In many cases, a substantial amount of the cube's space could be taken up by a large number of cells with very low measure values. This is because the cube cells are often quite sparsely distributed within a multidimensional space. For example, a customer may only buy a few items in a store at a time. Such an event will generate only a few nonempty cells, leaving most other cube cells empty. In such situations, it is useful to materialize only those cells in a cuboid (group-by) with a measure value above some minimum threshold. In a data cube for sales, say, we may wish to materialize only those cells for which count ≥ 10 (i.e., where at least 10 tuples exist for the cell's given combination of dimensions), or only those cells representing sales ≥ $100. This not only saves processing time and disk space, but also leads to a more focused analysis.

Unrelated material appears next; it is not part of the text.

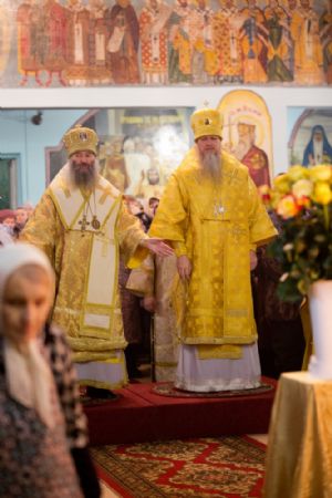 19 декабря, в день памяти святителя Николая, архиепископа Мирликийского, чудотворца, митрополит Йошкар-Олинский и Марийский Иоанн и епископ Волжскиий и Сернурский Феофан совершили Божественную литургию в Свято-Никольском кафедральном соборе города Волжска, который отмечал свой престольный праздник.

The cells that cannot pass the threshold are likely to be too trivial to warrant further analysis.
Such partially materialized cubes are known as iceberg cubes. The minimum threshold is called the minimum support threshold, or minimum support (min_sup), for short. By materializing only a fraction of the cells in a data cube, the result is seen as the “tip of the iceberg,” where the “iceberg” is the potential full cube including all cells. An iceberg cube can be specified with an SQL query, as shown in Example 5.3.
Iceberg cube
compute cube sales_iceberg as
select month, city, customer_group, count(*)
from salesInfo
cube by month, city, customer_group
having count(*) > = min_sup
The compute cube statement specifies the precomputation of the iceberg cube, sales_iceberg, with the dimensions month, city, and customer_group, and the aggregate measure count(). The input tuples are in the salesInfo relation. The cube by clause specifies that aggregates (group-by's) are to be formed for each of the possible subsets of the given dimensions. If we were computing the full cube, each group-by would correspond to a cuboid in the data cube lattice. The constraint specified in the having clause is known as the iceberg condition. Here, the iceberg measure is count(). Note that the iceberg cube computed here could be used to answer group-by queries on any combination of the specified dimensions of the form having count(*) >= v, where v ≥ (min_sup). Instead of count(), the iceberg condition could specify more complex measures such as average().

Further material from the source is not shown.